Like “tiger parenting,” Chinese financial market regulators start with the assumption that market participants are naïve and will make self-harmful mistakes and be preyed upon by evil operators. It additionally assumes that these participants will never take personal accountability to learn and eventually make well-informed decisions. Thus it is up to the regulators to actively monitor and intervene. As a result, Chinese regulators generally are activists–they engage listed companies and financial institutions frequently and regularly comment on market sentiment, business practices and potential risks to alert the public. Additionally, there are frequent changes in rules to close loopholes and address new issues which arise. In fact, this activist approach requires a degree of ambiguity in the rules and thus forces financial institutions to stay in close conversation with regulators for “window guidance.” This ensures that “schemers” face challenges in engineering policy arbitrage. The defining attitude is to protect the little guys. The model is regulator as judge and jury, and the regulators often need to be extremely experienced professionals to perform the duty well.


The list below provides examples of ways Chinese regulators actively get involved:

  1. The IPO process, in China today, is approval-based instead of the registration-based approach used in the U.S. In China the stock exchanges themselves often conduct independent DD on the listing applicant instead of relying on the investment bank’s underwriting process. In fact, the regulator holds the attitude that the underwriter is likely colluding with the firm to fool investors. This independent DD is far from ceremonial, as the exchange officials have implicit personal liability if a listed company turns out to be a bad actor.
  2. Fearing investors might overpay for hot IPO shares, the exchange also sets tight guidance on valuation multiples for shares at IPO. This has had the unintended consequence of universal over-subscription for IPO shares followed up shares hitting daily up-limits in the days after the IPO.
  3. The stock exchanges also actively research listed companies similar to sell-side brokers. The exchanges hire an army of equity analysts to conduct forensic accounting and to research company management and governance. They then act like active investors and engage company’s management. The exchange inquiries often challenge public statements made by the firm’s CEO during earnings calls or identify inconsistencies in quarterly income statements versus other pro forma information filed with the exchanges and other regulators.
  4. The CSRC routinely restricts thematic mutual fund launches (by delaying mutual fund approval indefinitely) when it observes hot retail money driving thematic stocks to stratospheric valuation levels. This is to help prevent a speculative bubble in the stock market and to reduce additional flows of capital to further drive up share prices in speculative thematic stocks.

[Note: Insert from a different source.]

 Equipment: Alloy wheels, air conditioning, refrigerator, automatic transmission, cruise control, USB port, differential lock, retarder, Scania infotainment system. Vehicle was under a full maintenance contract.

On the other hand, Western regulators have a more laissez faire approach, one that like Montessori, is focused on the institutional environment. They assume that participants in financial markets are consenting adults, who will take responsibility for making bad or otherwise uninformed decisions. The emphasis is on disclosure and in the clarity and stability of the rules of the game. If you don’t like the rules, don’t play; there is little consideration for establishing a “level playing field.” Rules are designed to ensure the system’s stability and the resulting “theoretical” resource allocation efficiency. The regulators don’t have to be proactive and are often waiting for and responding to legal disputes to examine whether there are structural issues. The existence of legal disputes and large settlements are more indications of the system working than the need for more rules, more enforcement and more interventions. The defining attitude is more about protecting a system which is believed to serve the efficiency of our financial markets than protecting a particular group. The model is more about checks and balances with regulators, financial institutions, the legal system and consumers all wielding formidable power.


As China continues to grow and attract global investors, it may adapt somewhat to the “Montessori-like” U.S. model of regulation. Chinese regulators are aware of the benefits of the Western model and the challenges inherent in their own. The opening of its financial markets to attract institutional investors is in large part an attempt to import sophisticated market participants who can help identify and discipline bad firms and to compete the bad financial institutions out of business, perhaps creating a more hybrid-like framework in China. However, as we have observed, the Western methods can often be culturally incompatible with deep rooted Chinese approaches. So the jury is still out on whether a “merging” will produce the desired results. After all, the Montessori approach to education in China, even after an auspicious start in the country, has largely failed to gain popularity. While Chinese financial regulation will undoubtedly evolve, it is unclear to what extent it will absorb a more Western framework.